From the entries below, return exactly the lines beginning at the one that contains "平成6年10月14日 常磐線 友部駅 140円硬券普通入場券(日付印刷)" and ending at the one that contains "3月24日下午,willia", both of them included, and only those lines.

Listed entries:
>>>

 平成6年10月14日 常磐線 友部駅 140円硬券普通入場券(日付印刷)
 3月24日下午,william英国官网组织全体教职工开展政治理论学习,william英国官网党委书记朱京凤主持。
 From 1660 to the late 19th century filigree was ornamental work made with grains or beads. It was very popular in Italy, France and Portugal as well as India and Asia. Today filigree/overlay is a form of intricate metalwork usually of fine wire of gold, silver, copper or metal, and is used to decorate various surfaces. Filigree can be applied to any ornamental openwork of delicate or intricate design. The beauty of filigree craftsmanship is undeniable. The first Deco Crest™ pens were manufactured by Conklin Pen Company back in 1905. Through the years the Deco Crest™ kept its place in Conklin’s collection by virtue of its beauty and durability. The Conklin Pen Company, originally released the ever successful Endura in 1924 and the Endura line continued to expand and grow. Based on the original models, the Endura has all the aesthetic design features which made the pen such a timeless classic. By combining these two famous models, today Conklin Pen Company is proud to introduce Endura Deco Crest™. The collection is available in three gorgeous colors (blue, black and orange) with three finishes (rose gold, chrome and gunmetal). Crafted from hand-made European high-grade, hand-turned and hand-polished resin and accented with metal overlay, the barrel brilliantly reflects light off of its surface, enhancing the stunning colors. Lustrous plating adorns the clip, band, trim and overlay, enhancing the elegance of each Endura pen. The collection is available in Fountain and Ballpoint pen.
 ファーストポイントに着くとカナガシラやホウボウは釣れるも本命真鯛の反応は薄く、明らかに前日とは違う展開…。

<<<
>>>

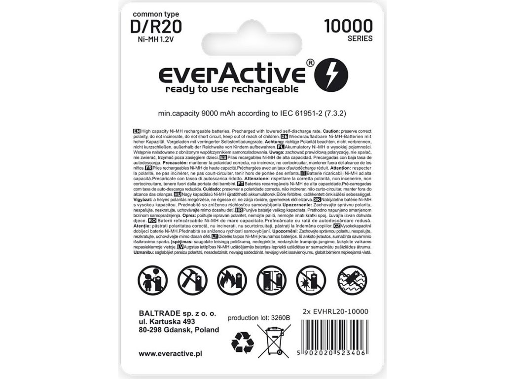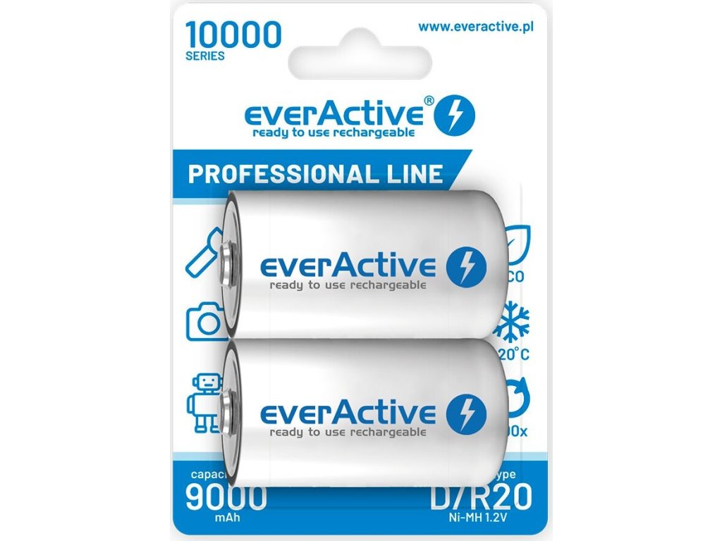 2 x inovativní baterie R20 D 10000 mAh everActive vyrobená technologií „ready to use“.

<<<
>>>

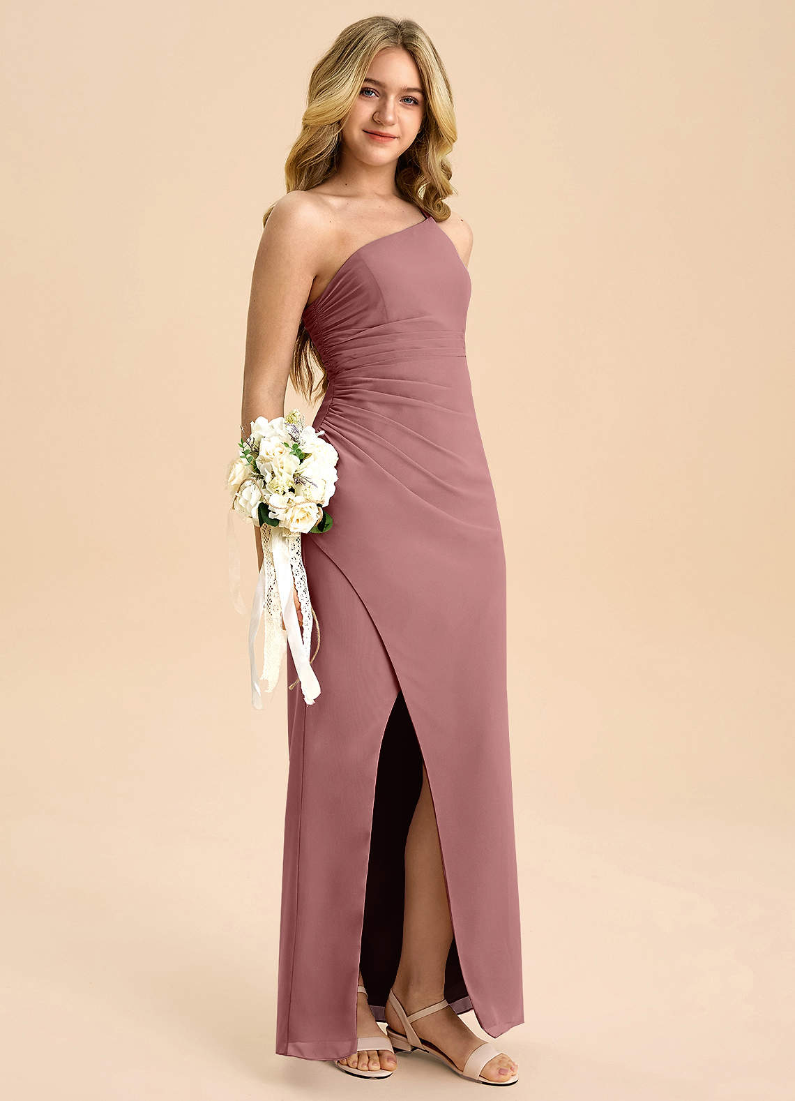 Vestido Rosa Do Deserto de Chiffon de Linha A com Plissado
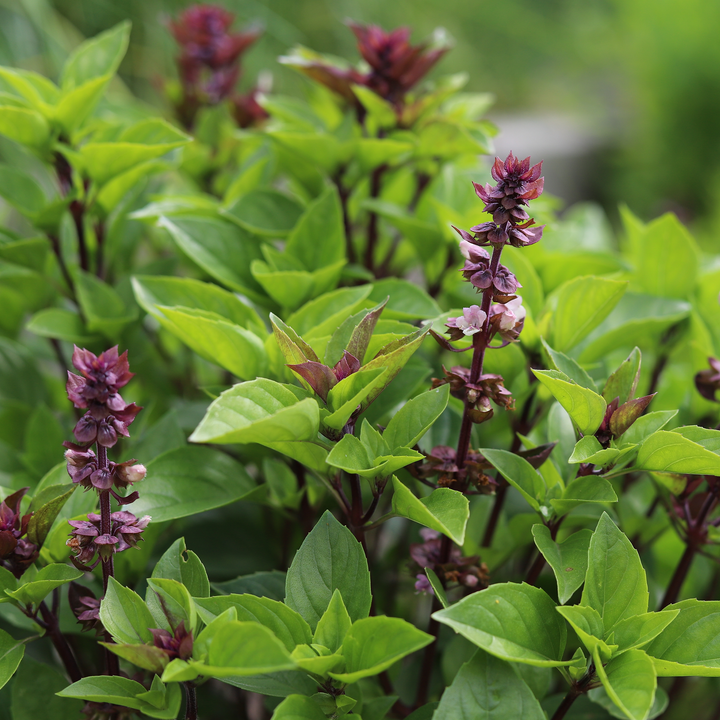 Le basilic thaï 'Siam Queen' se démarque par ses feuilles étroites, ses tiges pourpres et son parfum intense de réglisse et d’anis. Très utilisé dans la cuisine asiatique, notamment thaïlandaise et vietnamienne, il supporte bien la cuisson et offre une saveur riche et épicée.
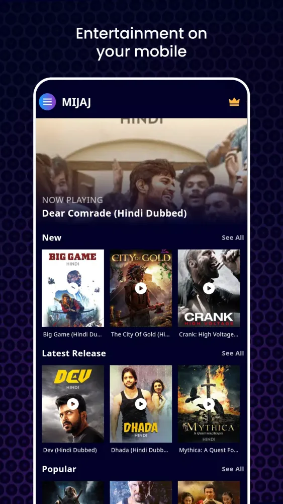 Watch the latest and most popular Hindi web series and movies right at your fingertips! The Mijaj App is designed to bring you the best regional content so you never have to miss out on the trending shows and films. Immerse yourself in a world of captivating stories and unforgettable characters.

<<<

Finished task:
 平成6年10月14日 常磐線 友部駅 140円硬券普通入場券(日付印刷)
 3月24日下午,william英国官网组织全体教职工开展政治理论学习,william英国官网党委书记朱京凤主持。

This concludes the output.